It was around 23:00 on 13 April 1699, in a small village in the north of England. Nine-year-old Jane Rowth blinked her eyes open and squinted out into the moody evening shadows. She and her mother had just awoken from a short sleep.
Mrs Rowth got up and went over to the fireside of their modest home, where she began smoking a pipe. Just then, two men appeared by the window. They called out and instructed her to get ready to go with them.
As Jane later explained to a courtroom, her mother had evidently been expecting the visitors. She went with them freely – but first whispered to her daughter to “lye still, and shee would come againe in the morning”. Perhaps Mrs Rowth had some nocturnal task to complete. Or maybe she was in trouble, and knew that leaving the house was a risk.
Either way, Jane’s mother didn’t get to keep her promise – she never returned home. That night, Mrs Rowth was brutally murdered, and her body was discovered in the following days.

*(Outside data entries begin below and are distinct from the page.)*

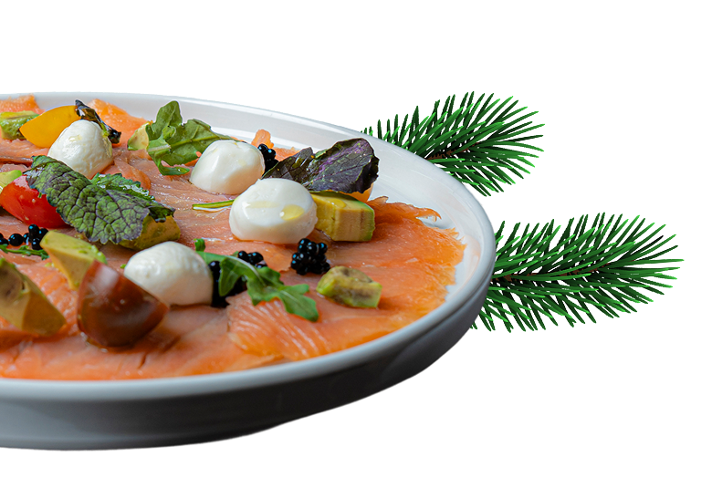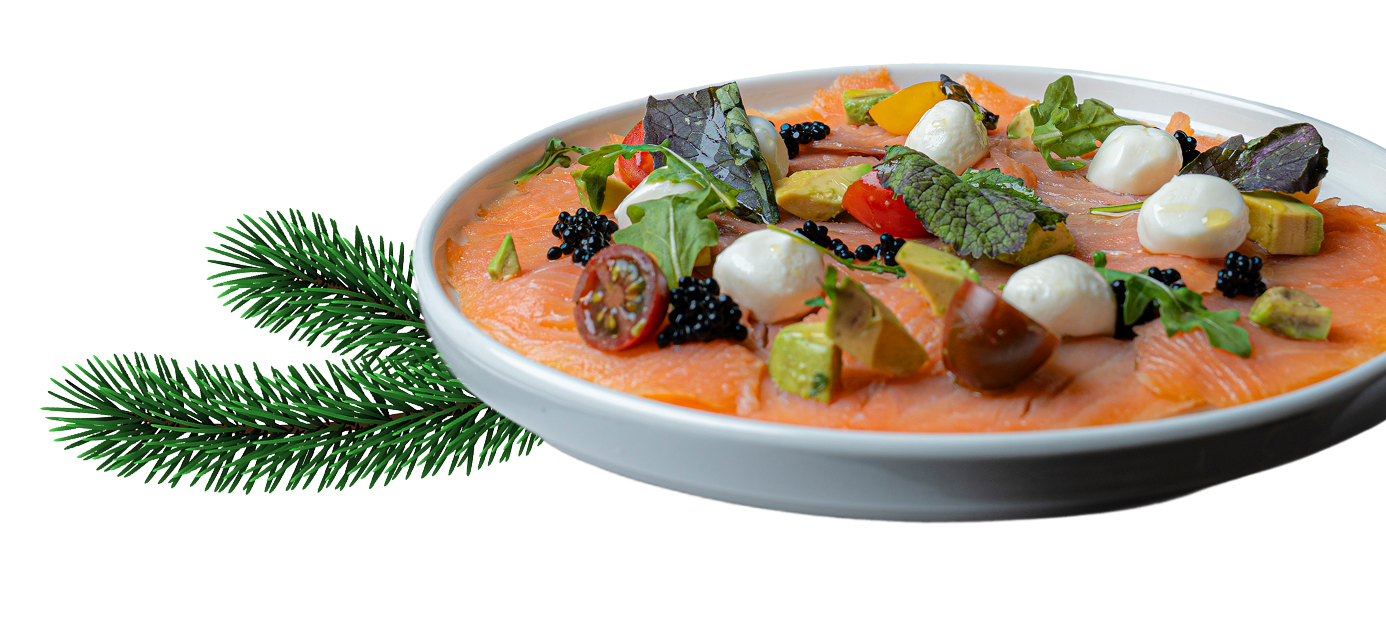 Carpaccio de Salmón ahumado con aguacate y perlas de mozzarella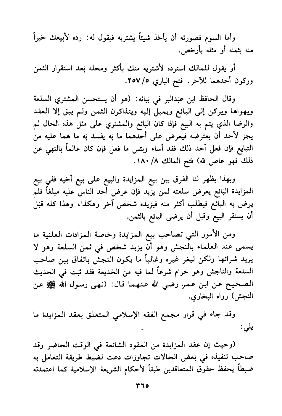 وقد جاء في قرار مجمع الفقه الإسلامي المتعلق بعقد المزايدة ما يلي: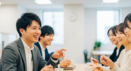 笑顔あふれる交流、同僚と笑顔で食事をする若手社員たち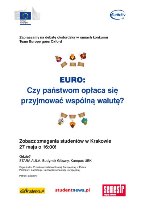 Debata oksfordzka Komisji Europejskiej, podczas której studenci UJ i UEK będą debatować na temat: Euro: czy państwom opłaca się przyjmować wspólną walutę?
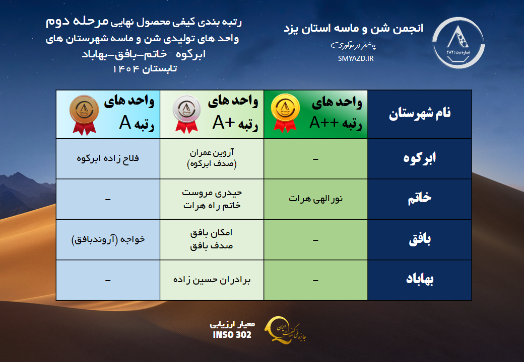 واحد های تولیدی که توانسته اند رتبه A (نشان برنزی) را کسب نمایند :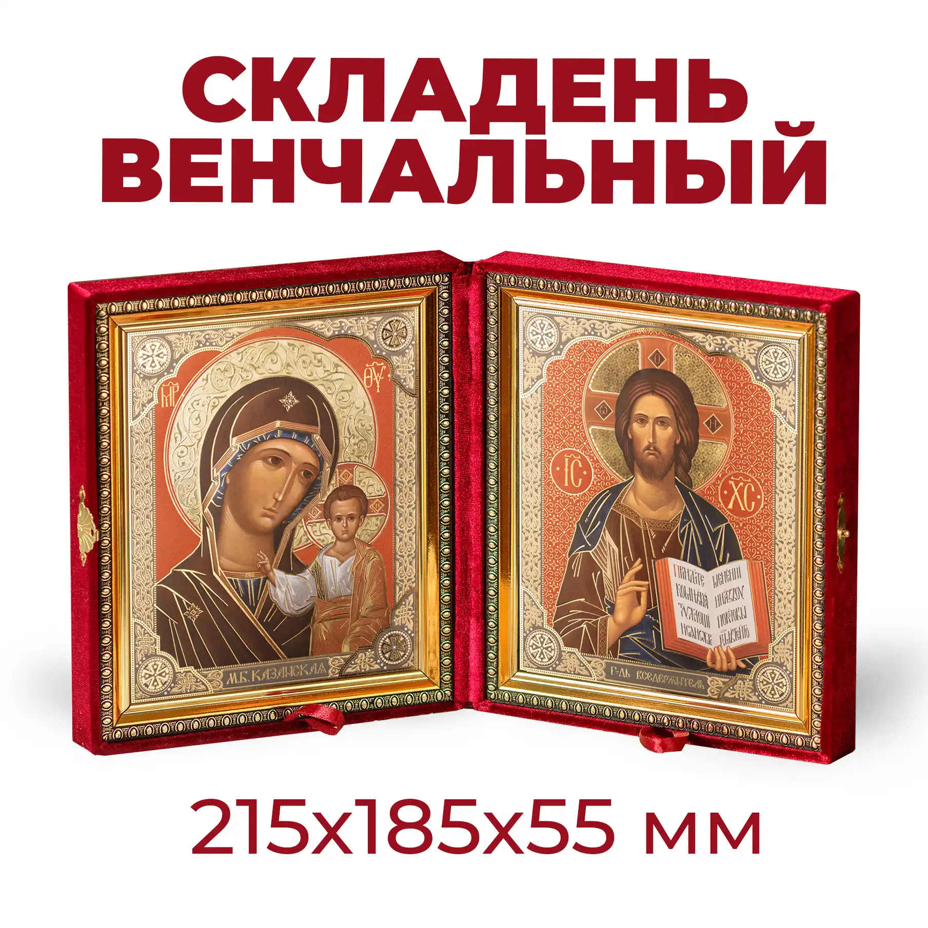 Складень 18х21 см Господь Вседержитель и Казанская БМ, бордовый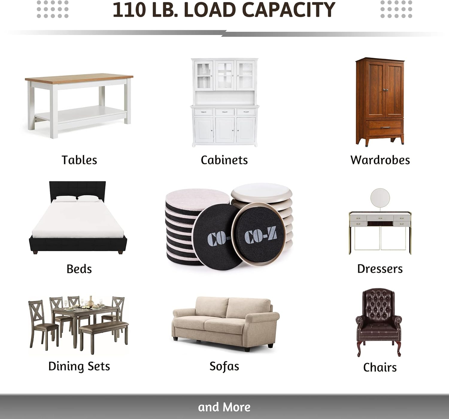 - 16-Piece Moving Kit: This CO-Z round furniture slider kit supports up to 110 lb., making it easy to move large heavy furniture across hardwood floors or carpet. With a 3.5" diameter, it's perfect for chairs, beds, cabinets, and other furniture legs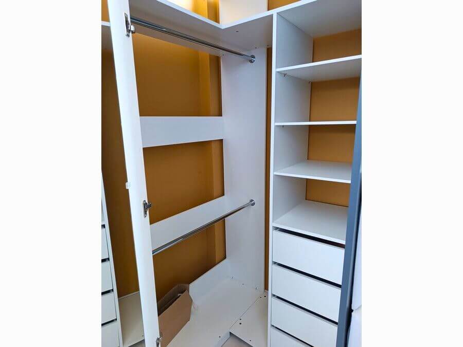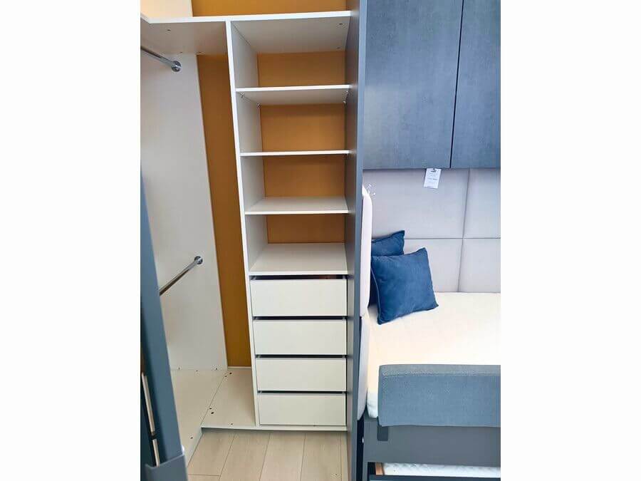 We wnętrzu układ z słupkiem zawierającym 4 szuflady i 4 półki, dwa drążki na wieszaki oraz wysoką narożną półkę. Elementy wewnętrzne z białej, laminowanej płyty. Drzwi otwierane na lewą stronę, z zamontowanym lustrem na wewnętrznej stronie frontu. Półki zamocowane na specjalnych podpórkach, które zabezpieczają przed ich wysunięciem. Szuflady wyposażone w system spowalnianego zamykania, co zapewnia ciche i płynne działanie. Oświetlenie – ledowa lampka z czujnikiem ruchu, mocowana na magnes, która oświetla wnętrze garderoby. Konstrukcja ścian zapewnia odpowiednią wentylację przy zamkniętych drzwiach.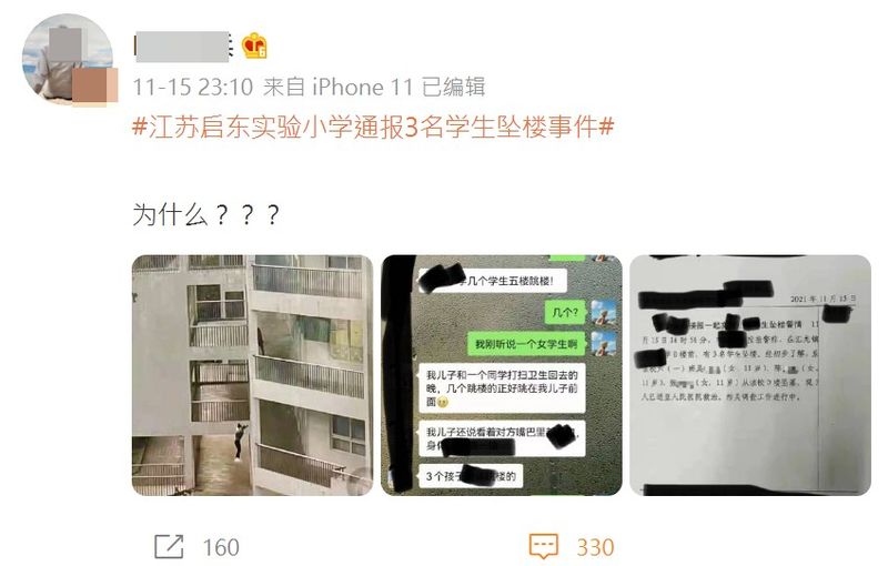 11月15日晚,江蘇啟東實驗小學通報稱,當日下午4時57分左右,該校有3名學生發生墜樓事件。目前,3名學生生命體徵基本平穩。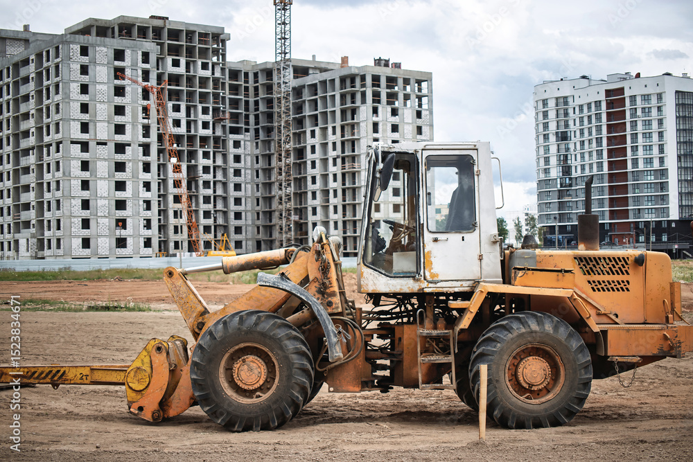Construction site with heavy machinery working on new building developments in urban area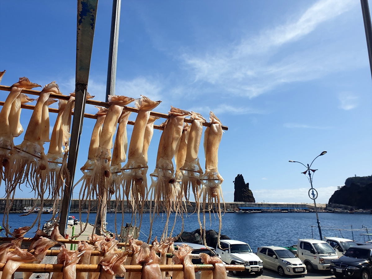 저동항의 상징은 촛대바위다. 말리는 오징어 뒤로 촛대바위가 보인다.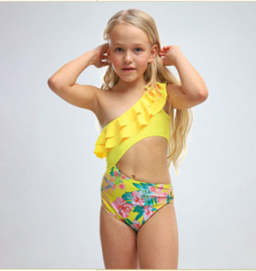 Слитный купальник на одно плечо. Спереди подкладка. Линия груди украшена оборками. В комплекте поролоновые вкладыши.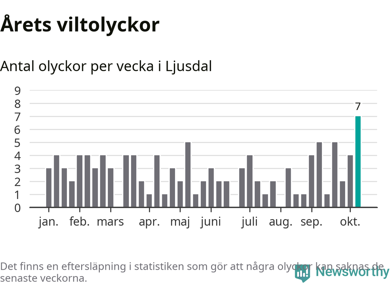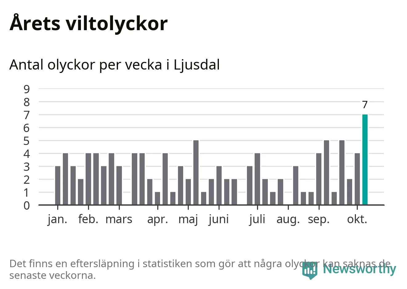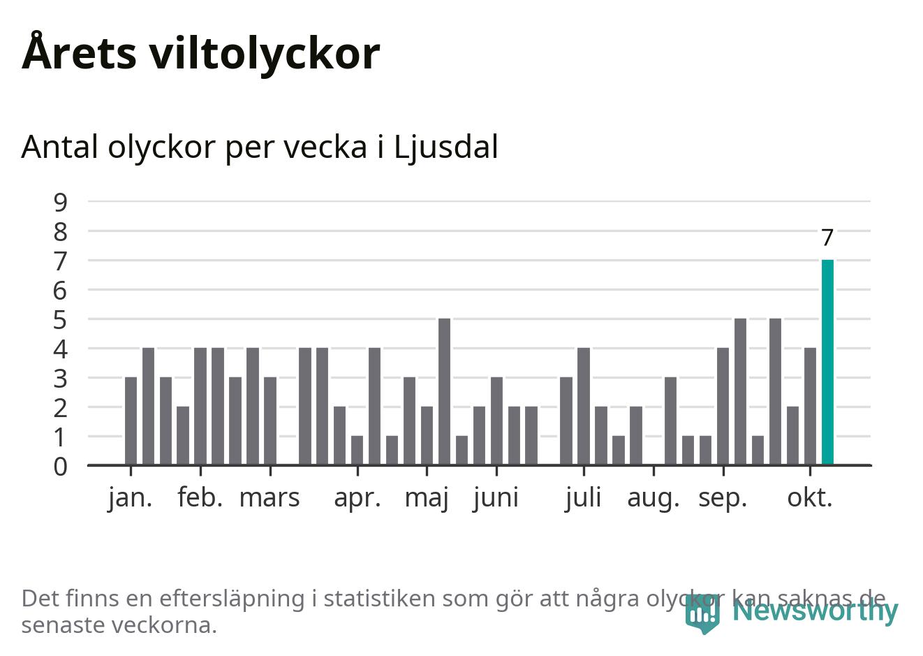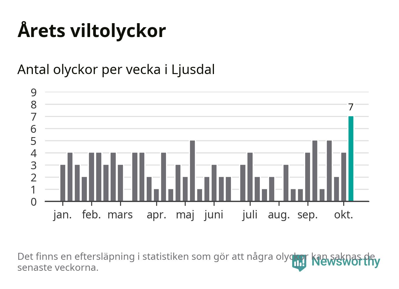 Under vecka 42 rapporterades sju viltolyckor in i Ljusdals kommun. Det är det största antalet på en enskild vecka hittills i år.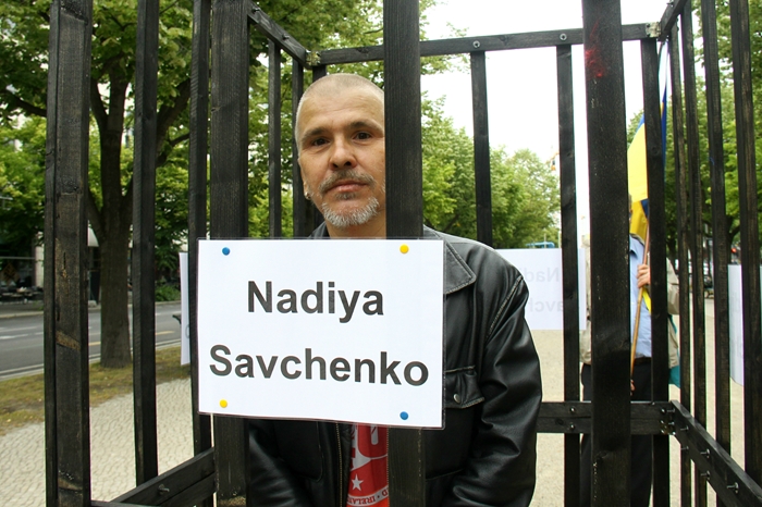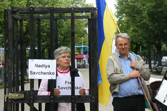 Нужно сказать, что помимо Надежды Савченко прозвучали фамилии и других украинцев, которые в настоящее время неправомерно удерживаются российскими властями, в том числе и режиссера Олега Сенцова. Кстати, для того, чтобы продемонстрировать свою солидарность с ними, в принесенную клетку добровольно себя заключили еще несколько человек, в том числе бывшие политзаключенные ГДР.

The crime was never solved.
Nearly 300 years later, in the early 1990s, the historian Roger Ekirch walked through the arched entranceway to the Public Record Office in London – an imposing gothic building that housed the UK’s National Archives from 1838 until 2003. There, among the endless rows of ancient vellum papers and manuscripts, he found Jane’s testimony. And something about it struck him as odd.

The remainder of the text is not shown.